According to CNN, Salvini’s stance stems from his hardline approach to recent migration flows from North Africa into Italy. Back in June 2018, he fulfilled his promise of closing Italy’s ports to rescue boats, and fought against German Chancellor Merkel’s policy of redistributing refugees who enter Europe clandestinely.
Salvini has recently been promoting the potential right-wing alliance at press conferences across Italy, but with only seven weeks left until the European election, it still remains unclear if any of Europe’s other nativist movements will join him. The Economist argues that other movements may see his “new European Dream” as more of an “Italian dream” than anything concrete.
With the European elections quickly approaching, populist parties in Europe are seizing the opportunity to expand their power across Europe. The New York Times reports that if “Towards a Europe with Common Sense” does gain seats in the European Parliament, it will form a new group called the “European Alliance of Peoples and Nations.”

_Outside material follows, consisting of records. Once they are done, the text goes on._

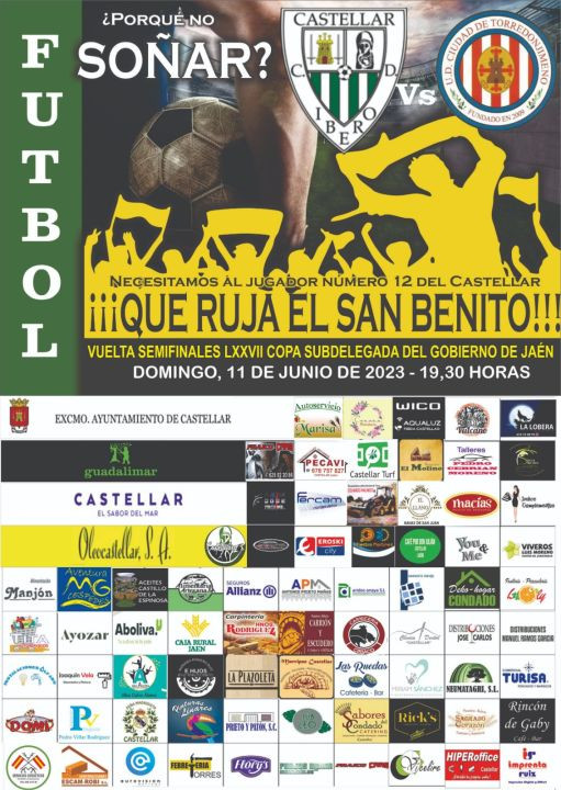 No me cabe duda de que mañana lo daréis todo, y que como bien me dijo ayer vuestro capitán "se va a intentar"... Hacerlo como vosotros sabéis, jugando en equipo, que realmente es lo que os hace fuertes. Disfrutar de cada balón, de cada ocasión lograda y también, porque no, de cada ocasión fallida, para que os haga más fuertes de cara a la próxima que ha de venir. Ser fuertes ante las adversidades, que de seguro vendrán porque el Torredonjimeno es un gran equipo y hay que tenerle respeto, pero sobre todo ser vosotros mismos.
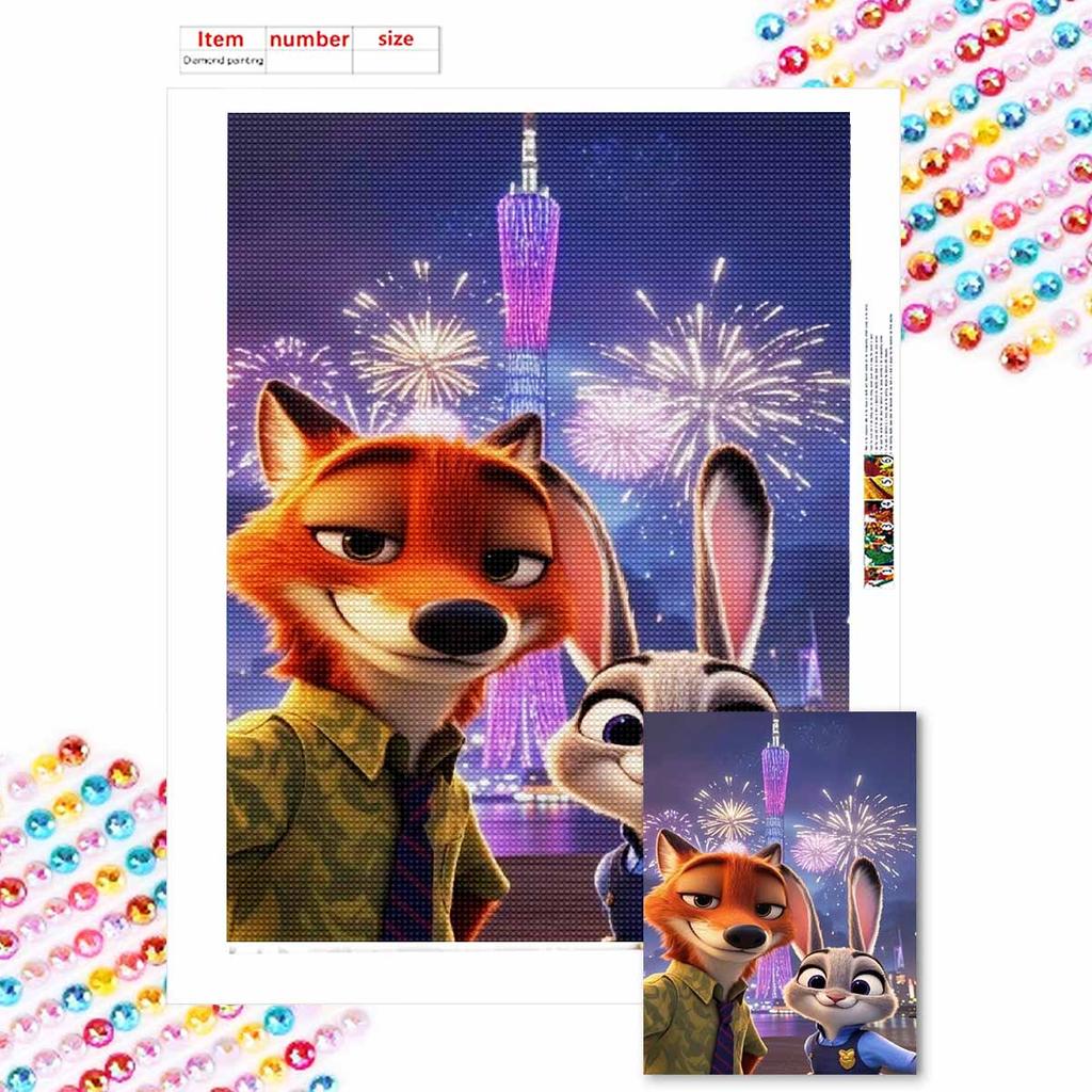 Diamantmosaik Buntes Diamantbild Nick und Polizistin Judy Das Kaninchen Vollrund Stickerei Cartoon Kreative Hobbys Wanddekor
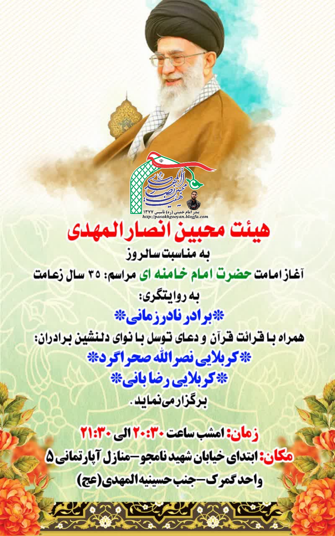 هیئت محبین انصار المهدی حسینیه المهدی(ره) بندر امام خمینی(ره) به مناسبت سالروز ارتحال حضرت امام خمینی و سالروز آغاز امامت امام خامنهای مراسم "٣۵سال زعامت" با روایتگری برادر نادرزمانی برگزار نمود.

However, the future of this new alliance is still uncertain, as it is missing the support of several key players on the European political stage. The proposed project would benefit greatly from the support of right-wing Hungarian Fidesz party leader Victor Orban, who has yet to sign onto the agreement.
Likewise, many right-wing parties in Germany and Scandinavia oppose Salvini’s movement because they still lean more towards free-market economies, and right-wing parties in France more protectionist in nature. In additional, parties in Poland does not share the warm relationship that Mr. Salvini and other populist parties have with Russia.
Even though these parties do share similarities when it comes to strong borders, anti-migrant policies, and a strong emphasis on traditional national identities, Europe’s populists clearly disagree on many issues. Due to all of the uncertainty that continues to permeate this election cycle, it appears that the fate of Salvini’s proposed movement is not yet set in stone.